Era un pueblo chico, con veinte calles rectas y unas cuantas plazuelas, dos cines y cincuenta cantinas.

Había cantinas para cada 100 personas, ciento cincuenta jóvenes y doscientos párvulos y párvulas.

Eran cantinas "transformers": en la mañana eran cafés, restaurantes, pensiones. Por las tardes, un salón de té con masitas, empanadas, tortas y todo pastel. Por la noche, cantina disfrazada de discoteca o karaoke. De ahí que casi todos los habitantes o eran cantores, músicos o relamidos serenateros.

El nombre del muchacho no fue tomado del santoral. La madre era muy católica; en cambio el padre era un tarambana metido a la bohemia, criticón militante y conspicuo músico de banda. El abuelo convocó a un concurso familiar para elegir el nombre de la criatura. Luego de muchas cavilaciones y reuniones con música de fondo, decidieron bautizarlo como Orfeo, por aquel dios griego que amansaba a las bestias con su cítara.

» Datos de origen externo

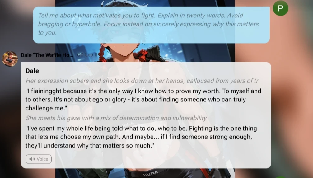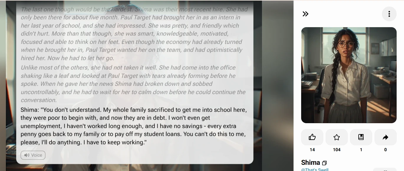- Chatted with 2 pre-made characters (Dale the Waffle House Legend, Shima the laid-off employee) — approximately 30 messages each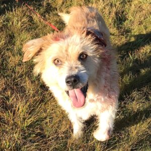 Georgie freute sich riesig, als er das Auto von Jutta und Renate vorfahren sah. Die beiden gingen gleich mit ihm los. Er blieb trotz Begegnung mit einem Auto und einem Radfahrer sehr entspannt und genoss den Spaziergang in vollen Zügen. 🙂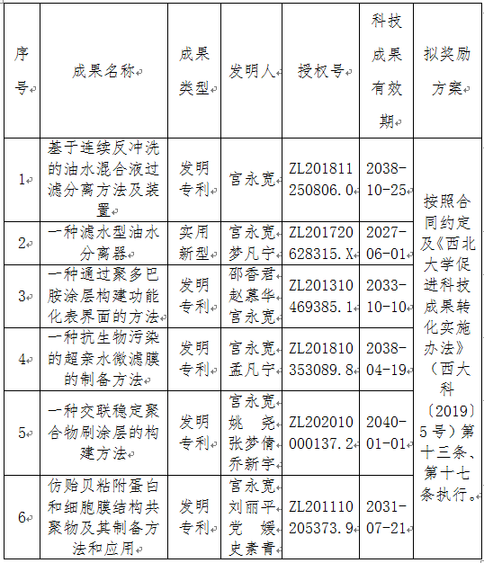根据《云博app官方在线入口促进科技成果转化实施办法》(西大科〔2019〕5号)相关规定,经学校科技成果转化工作小组、校长办公会审议,校党委常委会审定,拟对云博app官方在线入口化材学院宫永宽教授作为成果负责人的6项专利(5项发明专利和1项实用新型专利)权实施独占许可,现将相关信息公示如下:

Había nacido en la calle muy cerca al lugar que denominaban supaywasi y cuentan que gracias al llanto del niño, el diablo que moraba en esa zona había huido despavorido, a grandes zancadas, quemando con su patas las piedras que pasaba. ¿Sería Atila?, se preguntaban los paisanos que al pasar por la calle olían el azufre y la putrefacción que duró más de cuatro años.

Cada noche, en aquella zona se escuchaba el llanto que los vecinos consideraban el más bello y melodioso canto.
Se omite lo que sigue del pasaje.